Do not assume that OpenOnload improves an AMPS deployment just because the physical host has supported hardware. Test the exact VM type, host configuration, NIC exposure model, CPU allocation, and AMPS workload. Validate Onload using onload_stackdump to confirm AMPS is running with the accelerated path. If the VM cannot use the accelerated path, follow the standard virtual machine guidance and run AMPS with the normal TCP stack.
Containers
OpenOnload can be used from a container when the container has access to the OpenOnload runtime, the host network path, and the required device nodes. The Onload container guidance uses Docker; the example below shows the same general requirements using Podman. Adjust the image, paths, and runtime options for the deployment.
podman run -it \
--name amps \
--network host \
--device=/dev/onload \
--device=/dev/onload_epoll \
-v /path/to/amps:/amps \
-v /usr/lib64/libonload.so:/usr/lib64/libonload.so \
-w /amps/bin \
-e LD_PRELOAD=libonload.so \
-e EF_CTPIO_SWITCH_BYPASS=1 \
-e EF_EPOLL_MT_SAFE=1 \
-e EF_POLL_USEC=100000 \
-e EF_TCP_FASTSTART_INIT=0 \
-e EF_TCP_FASTSTART_IDLE=0 \
-e EF_NONAGLE_INFLIGHT_MAX=65535 \
fedora:latest \
./ampServer config.xml
The example mounts the host OpenOnload shared library at /usr/lib64/libonload.so into the same path in the container. Another valid approach is to build the matching OpenOnload user-space components into the container image, provided that the image contents are kept compatible with the host driver.

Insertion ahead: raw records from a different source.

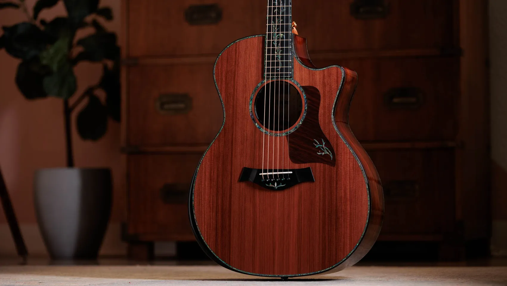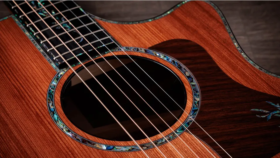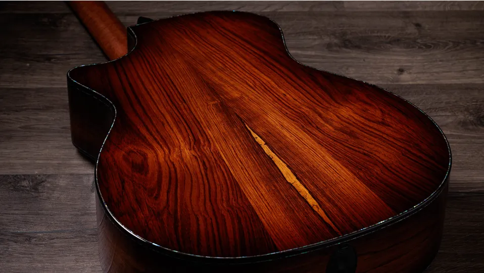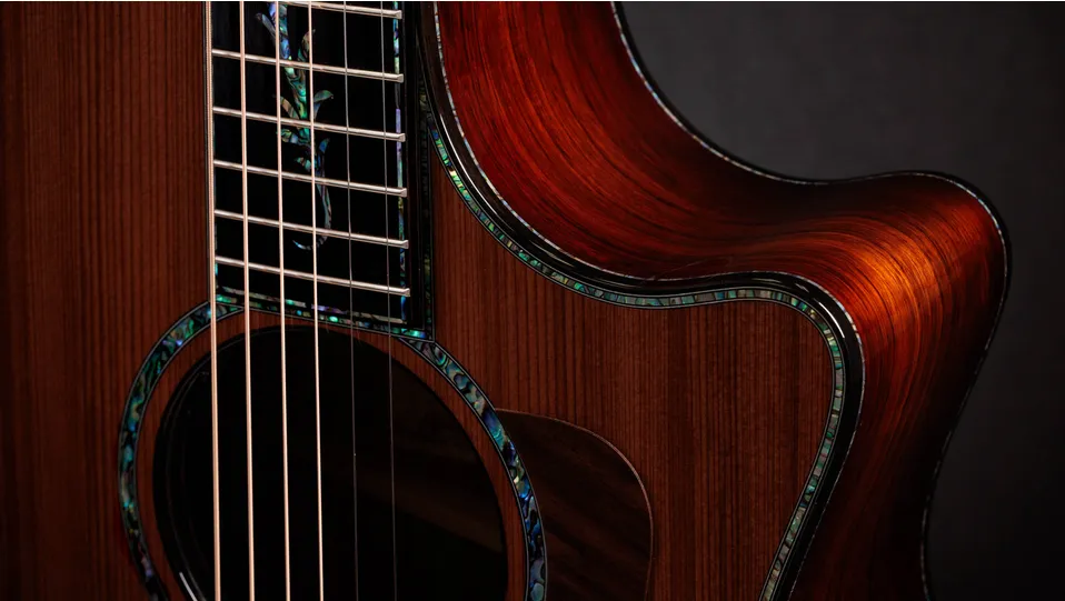 With striped sinker redwood, Honduran rosewood and a trio of Next-Gen design features, this model embodies Taylor's best, from top to bottom.
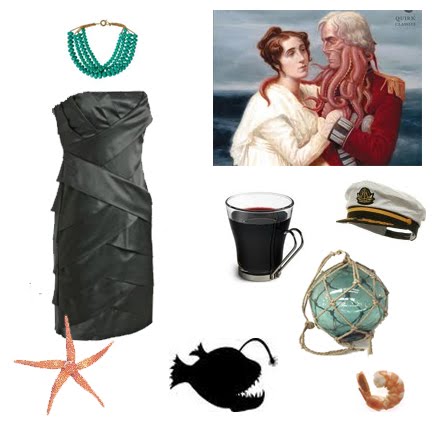Wear: A pleated dress that can easily pass for seaweed paired with a chunky turquoise necklace. And spooky, creature-of-the-sea hair and make-up. Davey Jones for him, complete with captain’s hat.
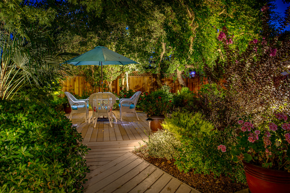 One year later, we got a call from the client that they were ready to re-landscape and light their backyard. The backyard features a significant amount of downlighting. It was one of our technician’s first days on the job – he took on all the ladder work in the trees!
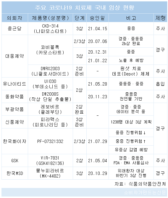 최근 2b상 탑라인(Topline) 결과를 발표한 대웅제약의 코비블록(가칭)을 비롯해 부광약품의 레보비르(클레부딘), 신풍제약의 피라맥스(피로나리딘·알테수네이트) 등이 경구용 제형으로 개발되고 있다. 한국화이자제약 'PF-07321332'와 한국MSD '몰누피라비르' 등도 마찬가지이다.
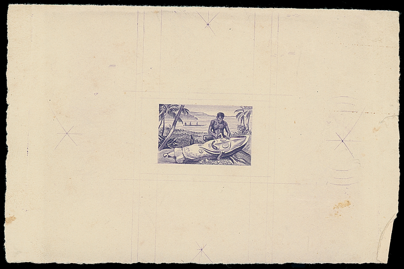 78 imageEssays, Proofs and Specimens: A selection of 1970s De La Rue proofs, incl. Algeria 1970 Exhibition 60c. complete proof in green, Basutoland frame only, etc. (7) (Image1)

Prefer explicit device mappings when the container runtime and host policy allow them. Some environments require --privileged for OpenOnload because device, capability, or namespace access is otherwise incomplete. Use --privileged only when the security model for the host and container has been reviewed.
Host networking and OpenOnload device access give the AMPS container direct access to host networking resources. Review the host networking security guidance in Host Guidance before exposing the container to production networks.